Bezos is a smart guy. He knows he’s got a public relations problem. He’s been accused of playing dirty. But he knows, as well, that this patent gives Amazon a competitive advantage, which he does not want to lose. So instead of agreeing to surrender the patent, as many critics have urged, he offered a "call for meaningful (perhaps even radical) patent reform." The specifics: "That the patent laws should recognize that business method and software patents are fundamentally different than other kinds of patents" and "That business method and software patents should have a much shorter lifespan than the current 17 years--I would propose 3 to 5 years." Bezos also noted he had "contacted the offices of several Members of Congress from the committees with primary responsibility for patents" to set up meetings on the matter.
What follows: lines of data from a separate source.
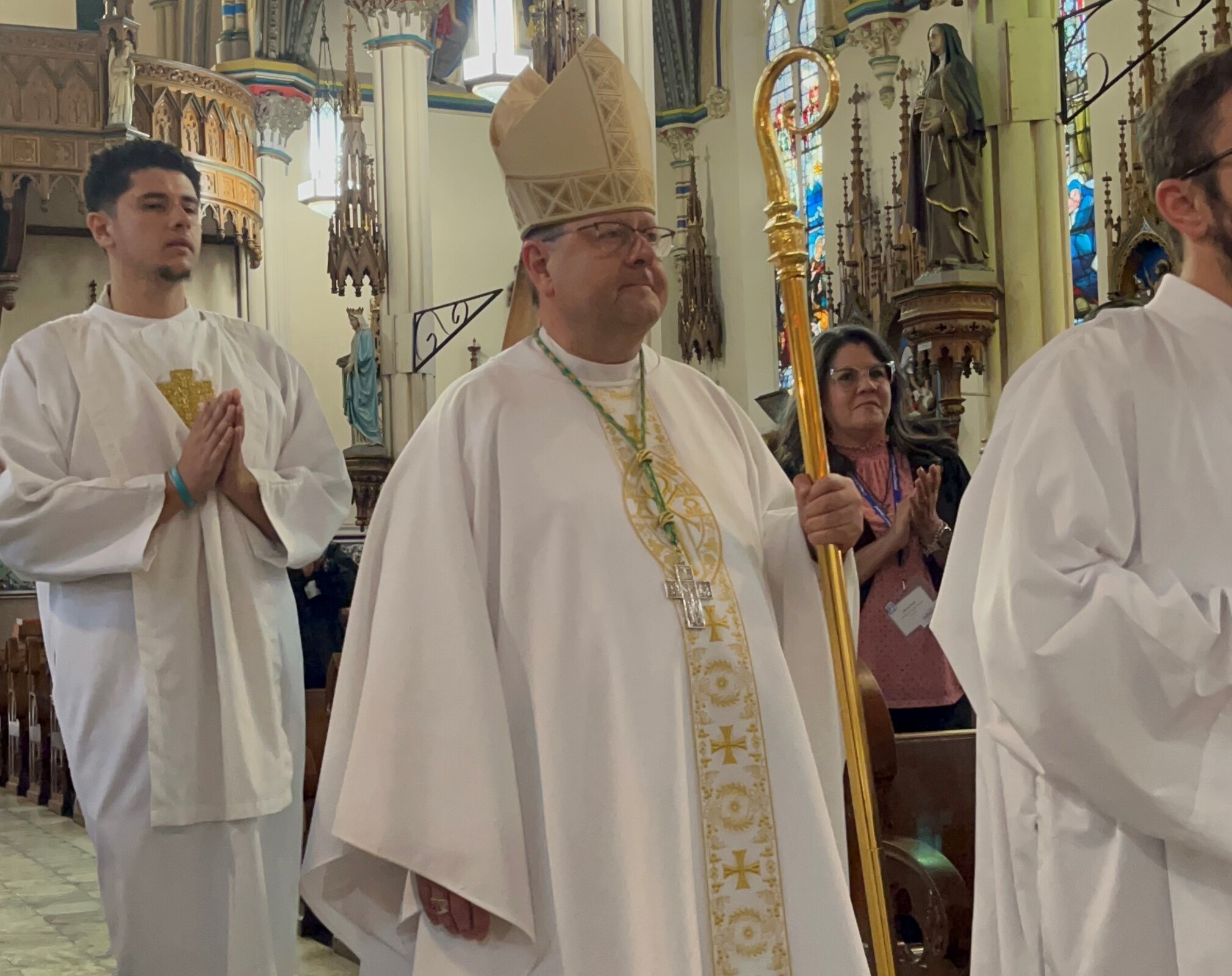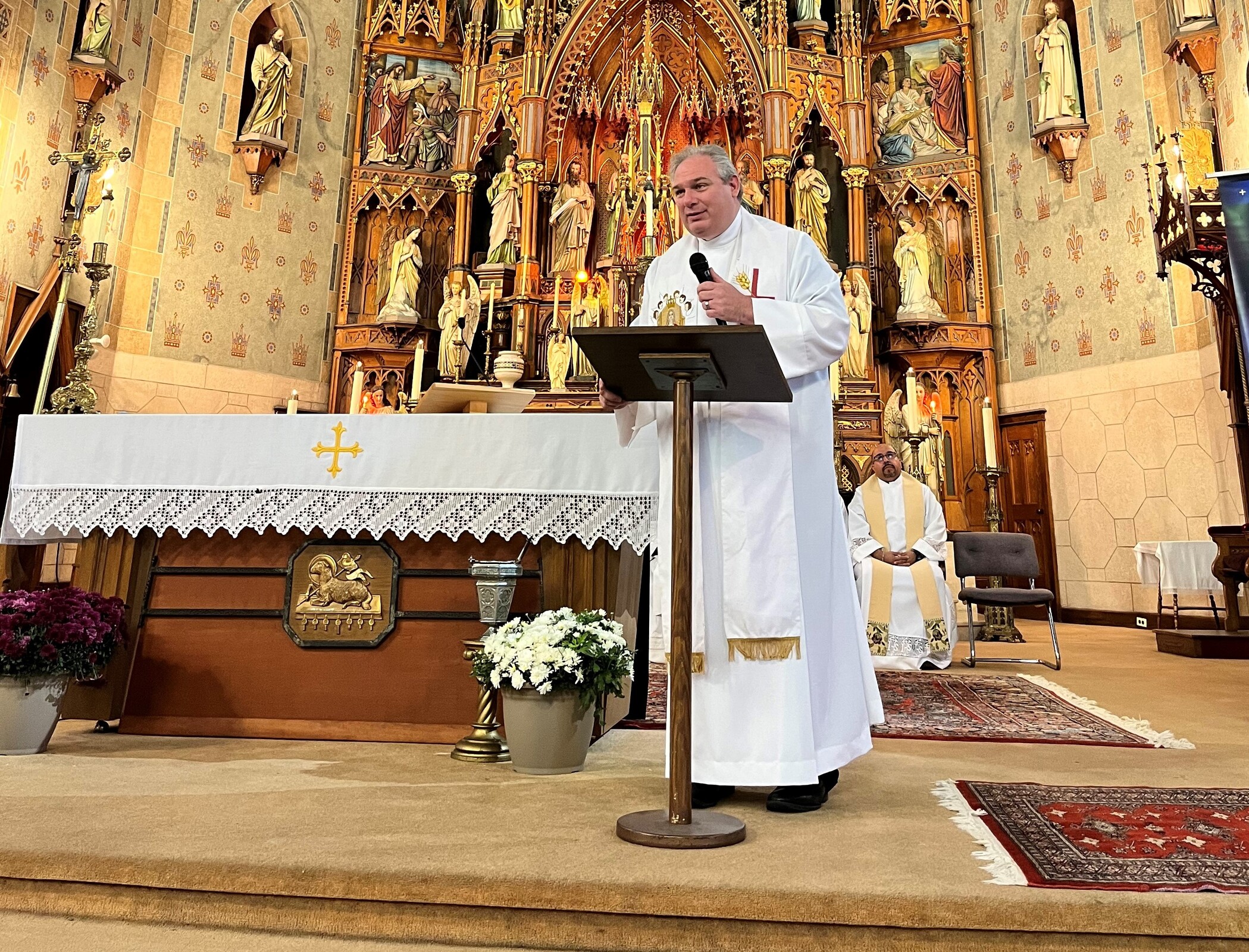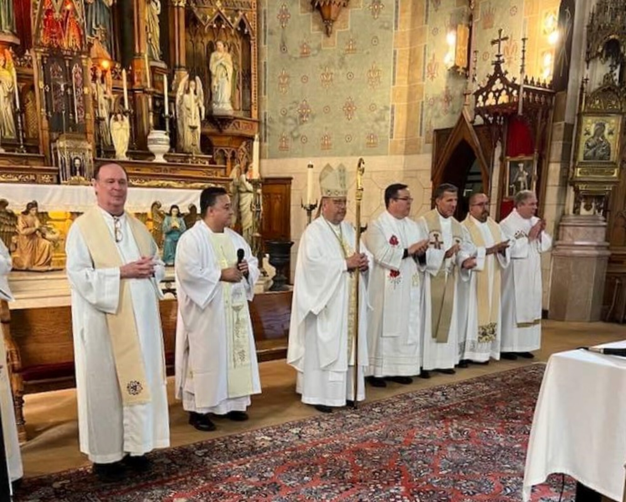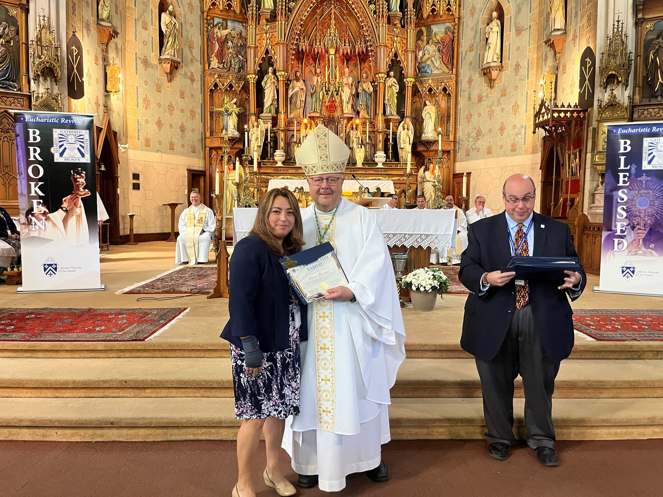 Bishop Edward Malesic was the celebrant and clergy from the seven Hispanic parishes in the eight-county diocese concelebrated, including Father Steve Vellenga, pastor of St. Mary Parish in Painesville; Father Joe Callahan, pastor, Our Lady of Lourdes Parish, Cleveland; Father Mark Riley, pastor, St. Michael the Archangel; Father Bill Thaden, pastor, Sacred Heart Chapel, Lorain and Father Francisco Garnica, pastor, Sagrada Familia Parish, Cleveland. Father Mike Stalla, coordinator for pastoral formation at Borromeo and Saint Mary seminaries, who also served at the diocesan mission in El Salvador, also concelebrated.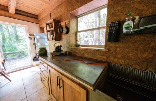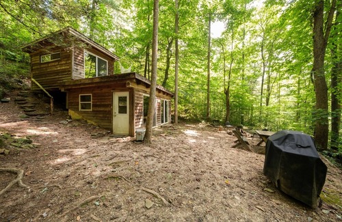 There is one electrical outlet in the cabin. For cooking, we provide a single butane burner inside and a propane grill outside. There is a gas log stove for heating and an A/C unit downstairs. Fire pit outside for your enjoyment! Water comes from a spring to a spigot outside the door. A heavy-duty cooler is provided for food storage.There is a 3 season outdoor shower not available in the winter months due to freezing temperatures. We provide cooking pots, pans, french press for coffee and pour-over drip, plates, silverware and cooking utensils, sheets, blankets, and towels. There are two lanterns, but headlamps are needed for hiking in and out and using the toilet after dark. Please read and share all this information with the people coming with you so you can BE PREPARED to glamp comfortably!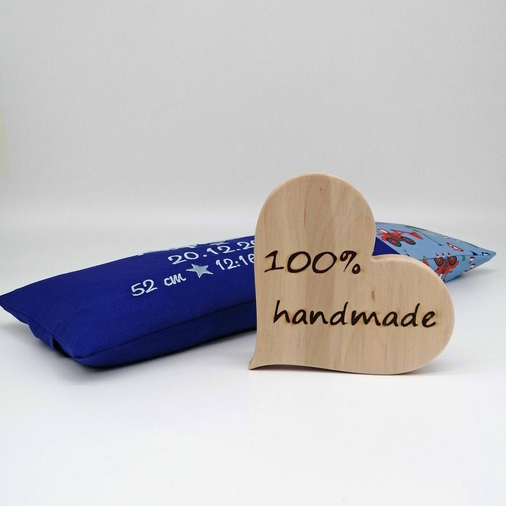 Die Geburtskissen von BagToBe sind das ideale Geschenk zur Geburt, als lange bleibende Erinnerung und auch für Meilenstein-Fotos. Sie werden nach den Maßen des Babys genäht. Innen ist ein Innenkissen, welches mit Reis gefüllt ist. Es besitzt einen Reißverschluss, sodass man den Reis zum Beispiel fürs Waschen herausleeren und einfach wieder einfüllen kann. Der Bezug ist mit einem Hotelverschluss ausgestattet und somit schnell und einfach abnehmbar und ebenfalls waschbar.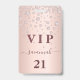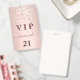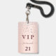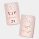 Ein modernes, stilvolles und glamouröses Abzeichen für eine 21. Geburtstagsfeier (oder jedes Alter). Ein Imitat Rose Gold metallische Hintergrund mit Rose Gold Imitate Diamanten. Der Name ist mit einer modernen dunklen Rose goldfarbenen handgeschriebenen Stil-Skript mit Swashes geschrieben. Mit dem Text: VIP Nummer 21 ist in goldener Farbe geschrieben. Um die Swashes behalten, löschen Sie nur den Beispielnamen, verlass die Leerzeichen oder Emoji's vor und nach dem Namen.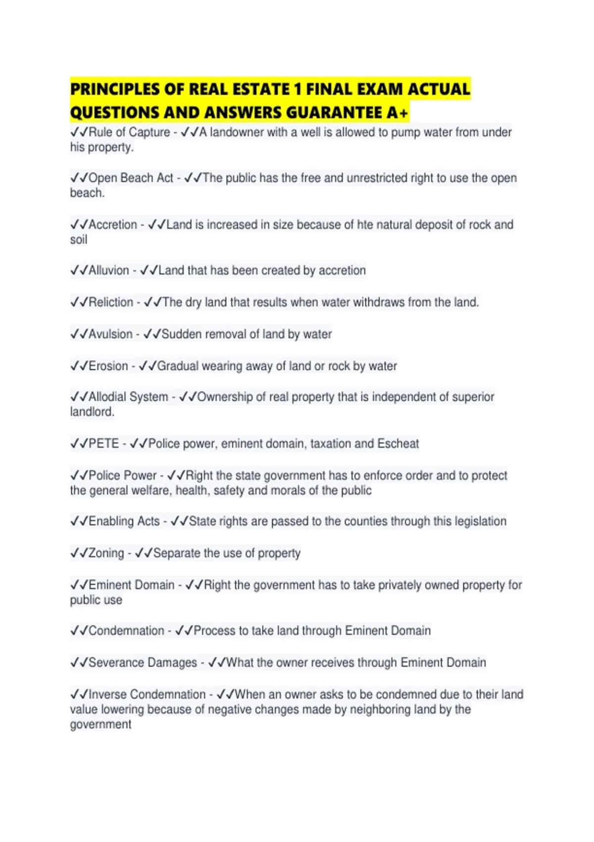 PRINCIPLES OF REAL ESTATE 1 FINAL EXAM ACTUAL QUESTIONS AND ANSWERS GUARANTEE A+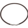 Este minimalista cordón gargantilla Bvlgari presenta un cordón de cuero marrón con un cierre de acero inoxidable. El grosor es de 5 mm. La longitud es de 15,5 pulgadas. El peso es de 12,8 g.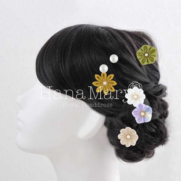 その日のヘアスタイルによって自由に一輪一輪配置できます。お花の数が多い場合でも、アメピンを追加して簡単にしっかりと固定できます。
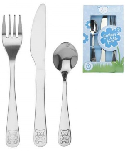 Komplet 3 sztućców dla dzieci ze stali nierdzewnej. Zaprojektowane specjalnie dla małych rąk, ze wzorem misia na uchwytach.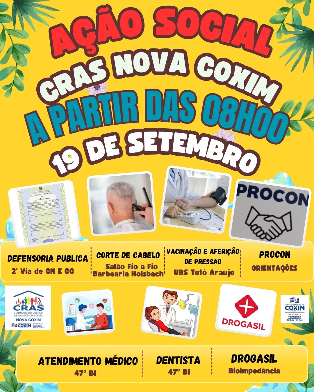 Nesta sexta-feira, dia 19 de setembro, a partir das 8 horas, o Centro de Referência de Assistência Social (Cras) Nova Coxim promove uma ação social com diversos atendimentos gratuitos à população.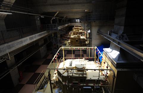 圖為“首都圈外(wài)圍排水路”係統排水(shuǐ)機房內4台使用飛機引擎的大功率抽水泵。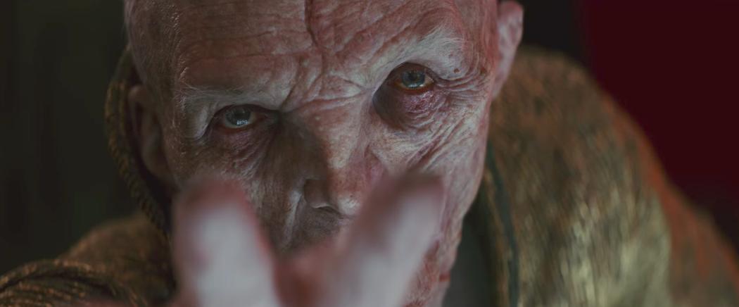 La única vez que el Líder Supremo Snoke hizo su aparición, en El despertar de la Fuerza, lo hizo como un gigantesco holograma azul. Ahora finalmente podemos verlo en carne y hueso y apreciar su increíble palidez, que compite con la de Palpatine. A ambos les iría bien pasar una temporada dorando la piel bajo los dos soles de Tatooine. Luego están sus ojos: no sabemos si tiene problemas con la percepción de la profundidad o esa mirada alberga un gran poder de la Fuerza Oscura.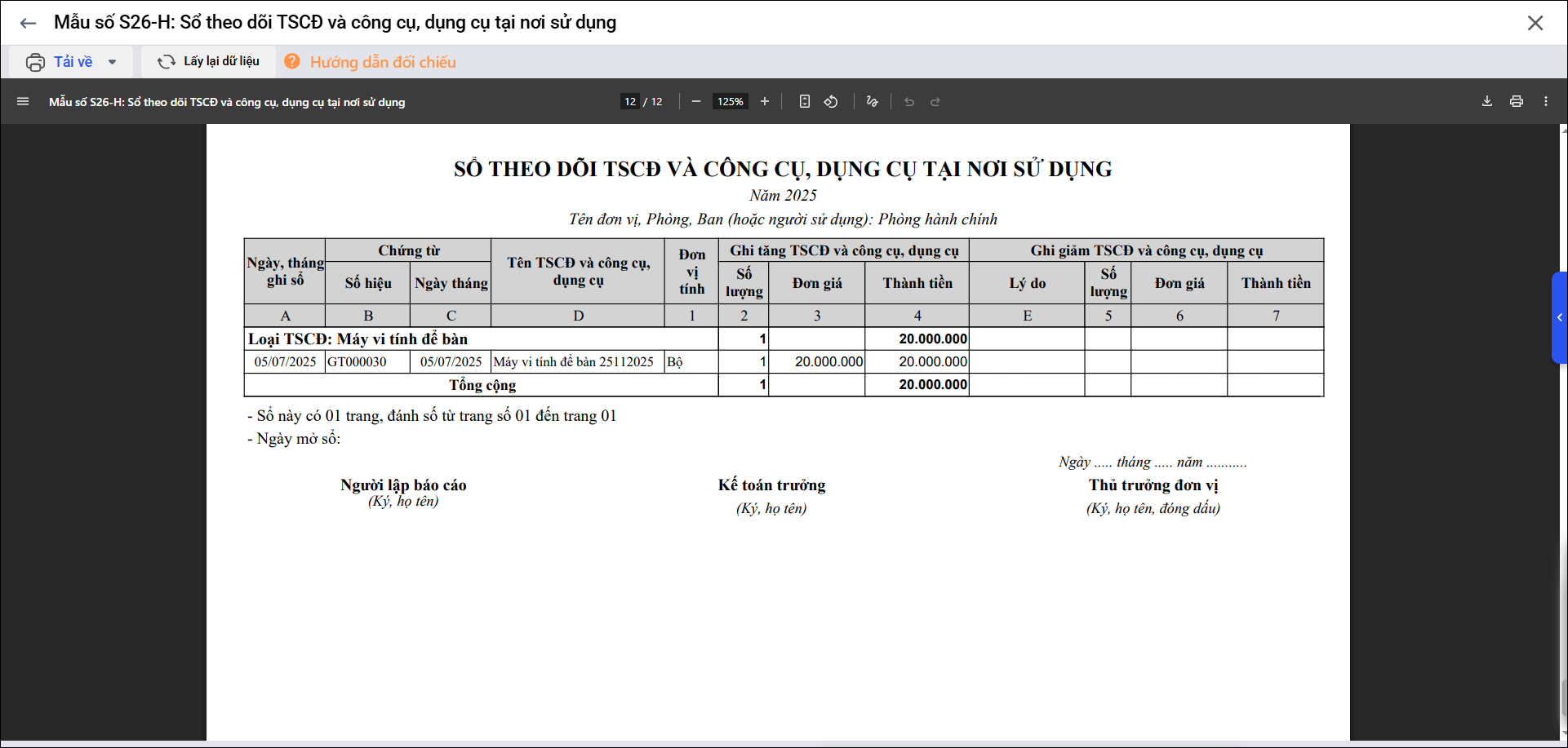 Bài viết này giúp Anh/chị in được báo cáo Mẫu số S26-H: Sổ theo dõi TSCĐ và công cụ, dụng cụ tại nơi sử dụng (S26).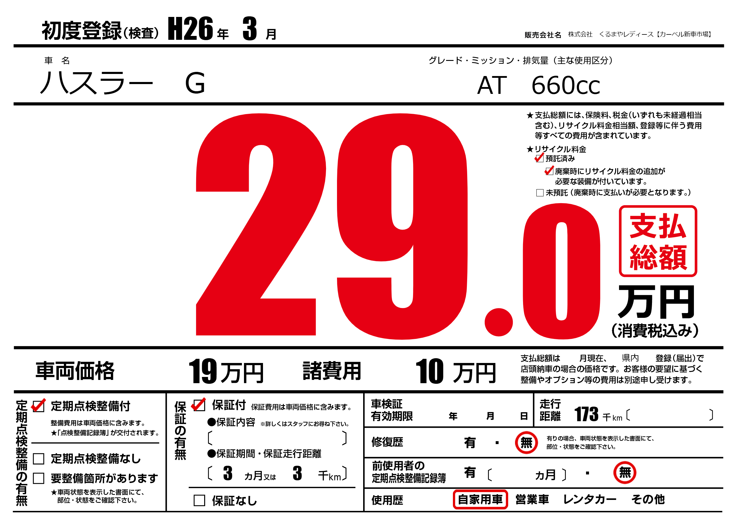 | 走行キロ | 17.3万km | 初年度登録 | H26年3月 |

What a brilliant PR ploy, shifting the debate from "whether" to "how long." Problem is, his tactic is a smoke screen. First off, five years on the Internet is an eternity. Five years ago, there was no CNET. Microsoft had yet to discover the Web; there were no browser wars; search engines were just cropping up. Three years ago, there was no Ebay; e-commerce was an iffy proposition, and MP3 wasn’t even a glimmer in someone’s eye. Companies have launched and lurched (too many to mention), paradigms have come and gone (remember Push technology), business models have swum and sunk (the Web as TV). If "business method" patents for trivial procedures are allowed to stand even three years, some competitors will gain an insurmountable advantage.

Furthermore, leaving the dirty work up to the government simply guarantees years of foot-dragging and inactivity. Patent reform is too dicey, too scary for the Feds to contemplate. Consider the recent controversy sparked when President Bill Clinton and British Prime Minister Tony Blair suggested human genome sequencing should be available to the public sooner rather than later. Nowhere did either man dispute the once-controversial principle that chromosome sequences are patentable. Yet the mere hint that government might try to legislate the patent situation panicked investors and sent the biotech industry into a tailspin. Sudden market dives are not lost on politicians, who’d rather avoid financially ruinous legislation.

Too bad, since the biotech and the software industries illustrate perhaps the greatest failing of the current patent system. Patents were instituted to foster creativity, innovation, and experimentation. They were supposed to help the little guy, tinkering away in his lab or shop, guaranteeing his ideas wouldn’t be stolen. Nowadays, though, patents are the province of the big guys, who routinely spend fortunes registering thousands of DNA sequences. The biotech behemoths are applying a brute-force business approach: They know that almost all the sequences they’re patenting will prove worthless, but they also know that any single sequence might turn into a billion-dollar wonder drug. No lone inventor can compete again such big bucks.

Same goes for the world of software. The Amazons and their big-market-cap brethren can drop millions on lawyers and patent applications. Some of the patents won’t pay off; others will. On this score, Jeff Bezos and company has won; consumers have lost. Today we’re forced to click twice at every single e-commerce site but Amazon. Who knows how Web innovation will be stifled tomorrow.